Updated on 2023-03-08 GMT+08:00

Alarm Management

Overview

Alarm management includes viewing and configuring alarm rules and subscribing to alarm information. Alarm rules display alarm statistics and details of the past week for users to view tenant alarms. In addition to providing a set of default GaussDB(DWS) alarm rules, this feature allows you to modify alarm thresholds based on your own services. GaussDB(DWS) alarm notifications are sent using the SMN service.

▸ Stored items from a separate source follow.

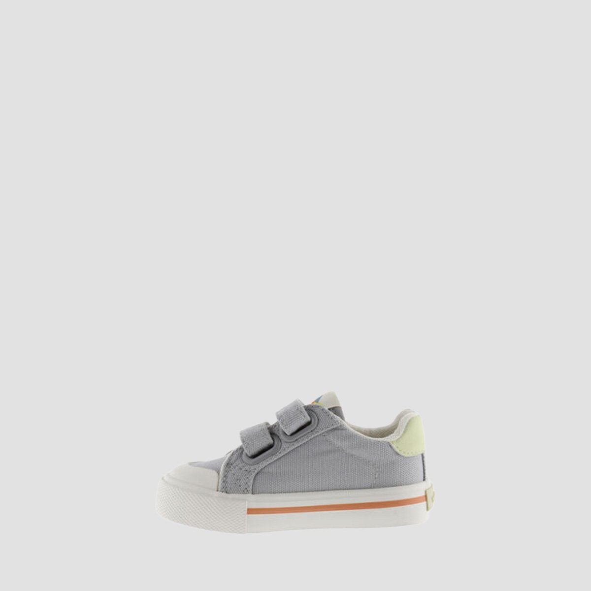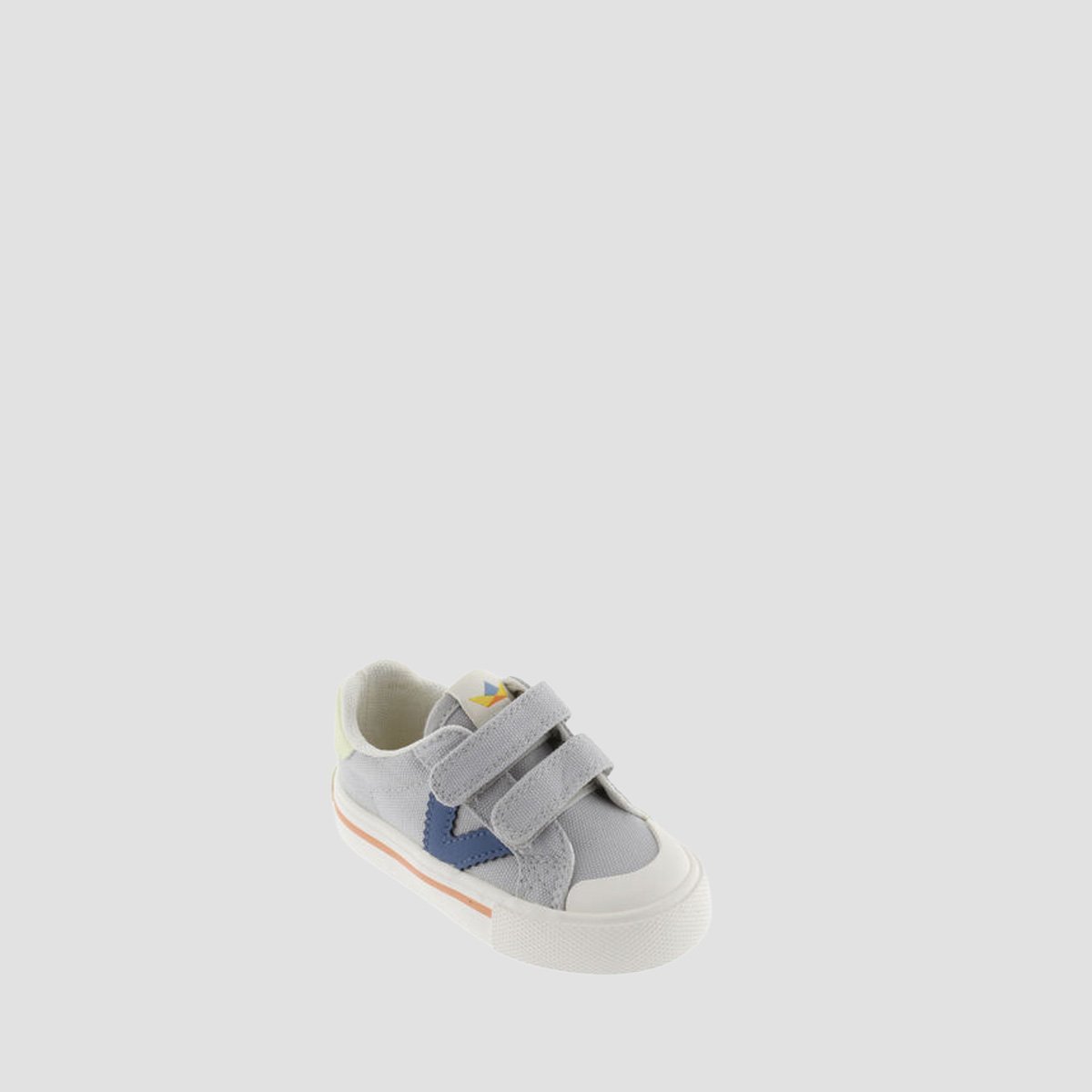Canvas trainers for kids. Contrasting side victoria “V” and back panel. Printed design label on the tongue. Double hook-and-loop straps for better support and greater independence when putting them on. Rubber sole with reinforced toe cap for extra strength and durability.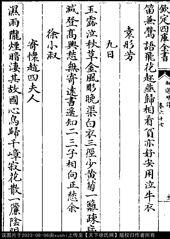 五言律诗 押阳韵 出处:御选明诗卷六十七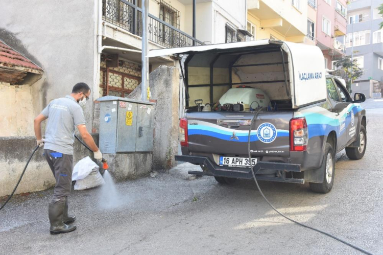 Yıldırım Belediyesi, vatandaşların yoğun olduğu pazaryerleri, dere yatakları ve sulak alanların ilaçlanmasına özen gösterirken ayrıca çöp bırakma noktalarında ilaçlama ve dezenfekte işlemiyle mikrobik ortamların oluşmasının önüne geçiyor.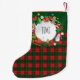 Monogram Small Christmas Stocking (Personalised) - Merry Christmas and Happy New Year! XMAS Small Christmas Stocking decorated with Christmas magic symbols, Winter Holiday gifts elements pattern, snowman, christmas tree, christmas ball, reindeer, snowflakes, christmas stars, and more festive characters on Christmas chequered square ornaments, Scotland pattern (green & red colour). Original trendy graphic design. Home, Home Décor, Christmas Décor, Stockings Gifts Presents Winter Holiday Decoration. Monogram Small Christmas Stocking Design with text template. Personalise them by adding name. Two sides graphic decoration.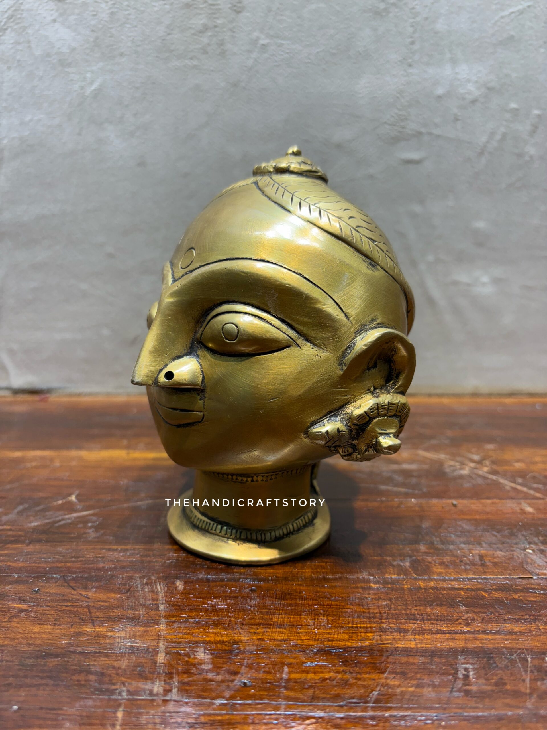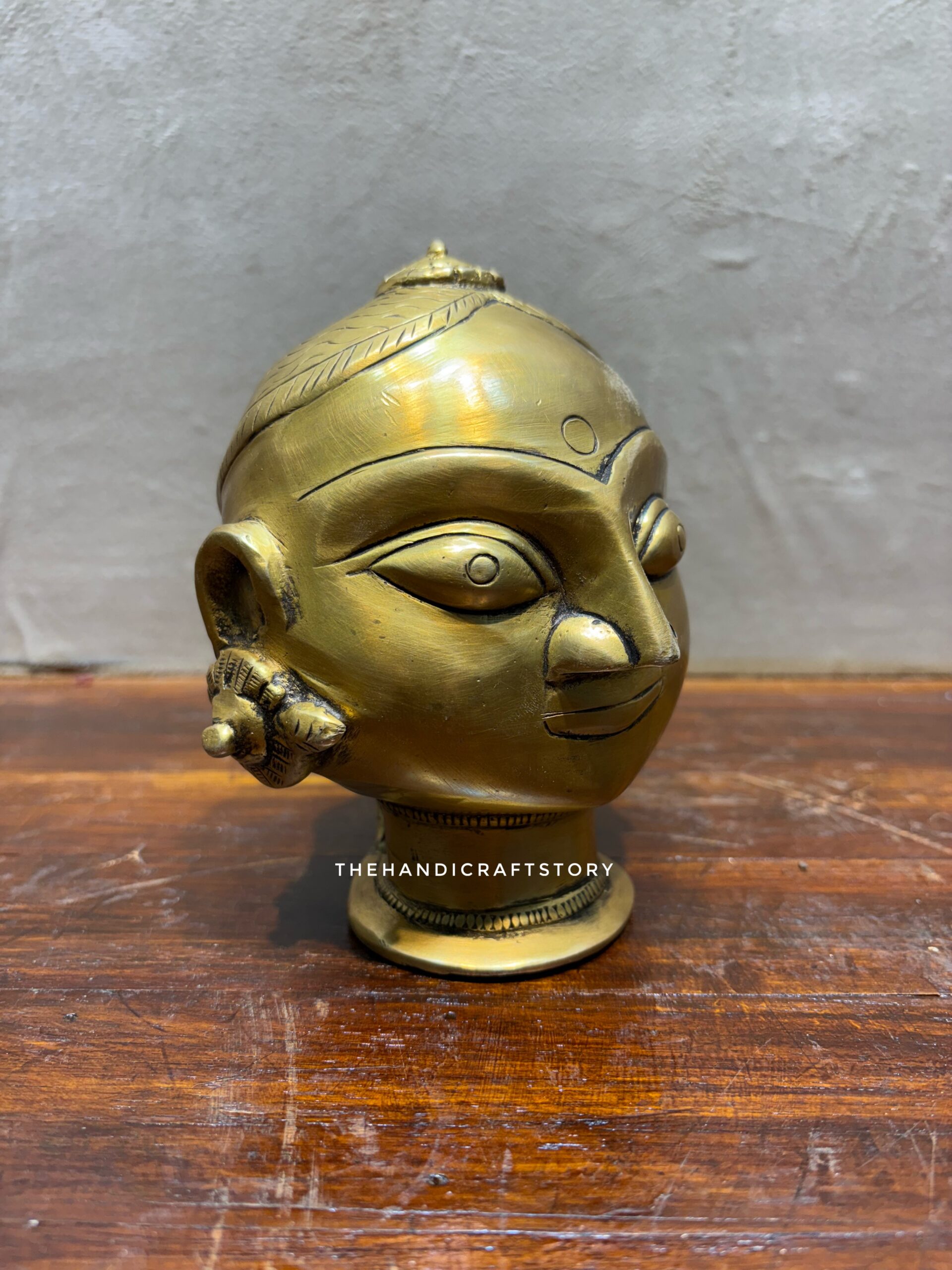 Handcrafted Brass Gauri Head Idol – Traditional Indian Goddess Bust for Home Décor

This feature supports only the database kernel of 8.1.1.200 and later.

Visiting the Alarms Page

  1. Log in to the GaussDB(DWS) management console.
  2. In the navigation pane on the left, click Alarms.
  3. On the page that is displayed:

    • Existing Alarm Statistics

      Statistics of the existing alarms in the past seven days are displayed by alarm severity in a bar chart. In this way, you can see clearly the number and category of the alarms generated in the past week.

    • Today's Alarms

      Statistics of the existing alarms on the current day are displayed by alarm severity in a list. In this way, you can see clearly the number and category of the unhandled alarms generated on the day.

    • Alarm details

      Details about all alarms, handled and unhandled, in the past seven days are displayed in a table for you to quickly locate faults, including the alarm name, alarm severity, cluster name, location, description, generation date, and status.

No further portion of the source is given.